• Your goal:
For this exercise, copy the data exactly and omit any images.

• Exercise input:
┄┄┄┄┄┄┄┄┄┄

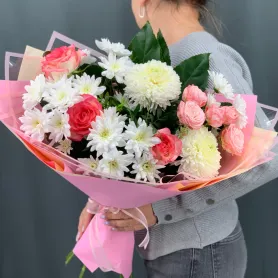 Букет с хризантемами и кустовой розой
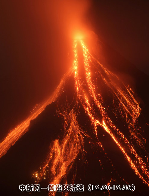 12月23日,菲律賓阿爾拜省黎加斯比市馬榮火山口噴發(fā)大量巖漿。圖片來(lái)源:中國(guó)新聞網(wǎng)>>點(diǎn)擊觀看詳細(xì)內(nèi)容
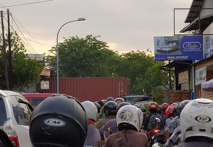 15.55: Lakasantri – Menganti MACET. Imbas ada trailler sedang ambil haluan. (odp-rt)
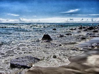 Keywords: queensland australia sea ocean water rocks beach waves surf sky clouds horizon nature outside
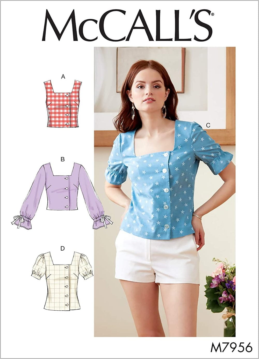 Juisharee Mccalls M7956ad5 Womens Square Neckline Button Up Blouse Sewing Patterns Sizes 12 20 Various White Walmart Com
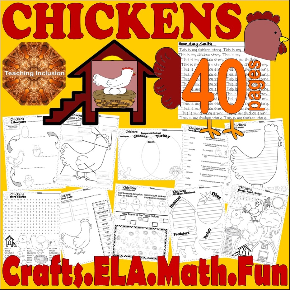 Chickens Life Cycle NO PREP Activities Worksheets ELA Science Math Craft Zoology Classful

┄┄┄┄┄┄┄┄┄┄

• Task result:
 Букет с хризантемами и кустовой розой
 12月23日,菲律賓阿爾拜省黎加斯比市馬榮火山口噴發(fā)大量巖漿。圖片來(lái)源:中國(guó)新聞網(wǎng)>>點(diǎn)擊觀看詳細(xì)內(nèi)容
 15.55: Lakasantri – Menganti MACET. Imbas ada trailler sedang ambil haluan. (odp-rt)
 Keywords: queensland australia sea ocean water rocks beach waves surf sky clouds horizon nature outside
 Juisharee Mccalls M7956ad5 Womens Square Neckline Button Up Blouse Sewing Patterns Sizes 12 20 Various White Walmart Com
 Chickens Life Cycle NO PREP Activities Worksheets ELA Science Math Craft Zoology Classful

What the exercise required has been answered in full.